Purwoceng contains antioxidants that can reduce oxidative damage, which is a known cause of inflammation, metabolic problems, damaged blood vessels, and impaired nerve function [2]. However, its contents can also interfere with liver and kidney function at inappropriate doses. Therefore, it is important to determine the optimum safe dose for kidney function and determine the compound that causes damage to kidney function [3].

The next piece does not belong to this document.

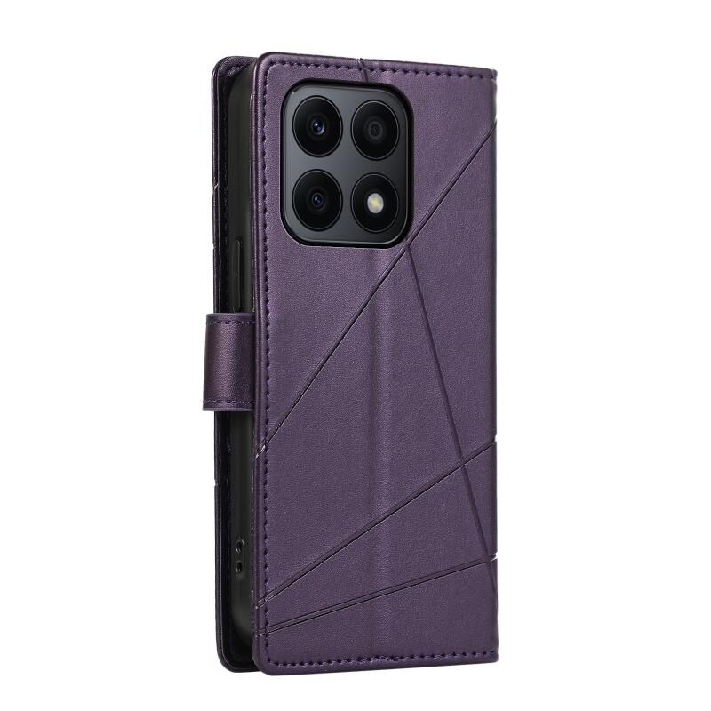 Θήκη κινητού τηλεφώνου Honor X8a PU με ανάγλυφη υφή γνήσιου δέρματος και λεπτομέρεια γραμμής (Μπλε)

We selected the cisplatin model because its injury drivers, oxidative stress and inflammatory signaling via NOX-derived ROS and the COX2/iNOS axis, closely match the predicted targets of purwoceng metabolites identified by LC-MS and in silico docking (notably pinellic acid). This mechanistic alignment, together with the model’s reproducibility and clinical relevance, supports its use to test our hypothesis. One compound that can damage the kidneys is cisplatin. Cisplatin has been used extensively in the treatment of a variety of solid tumors, including breast, lung, head, and neck cancer; however, because of its harmful side effects on the liver and kidneys, its use has been restricted [4,5]. Cisplatin can damage cell membranes and induce tubule damage through the mechanism of formation of ROS (reactive oxygen species) and hydroxyl radicals, which can cause lipid peroxidation, inflammation, and hypoxia [5,6,7]. The damage process that occurs can cause a reduction in the glomerular filtration rate and cause acute toxicity in the kidneys [5]. Cisplatin accumulates in the kidneys and extends the half-life of cisplatin to 58–73 min from 25–49 min [8]. The efficacy and side effects that occur can depend on the dose and duration of use. The administration of low doses of cisplatin causes apoptosis, while high doses of cisplatin cause necrosis [9,10].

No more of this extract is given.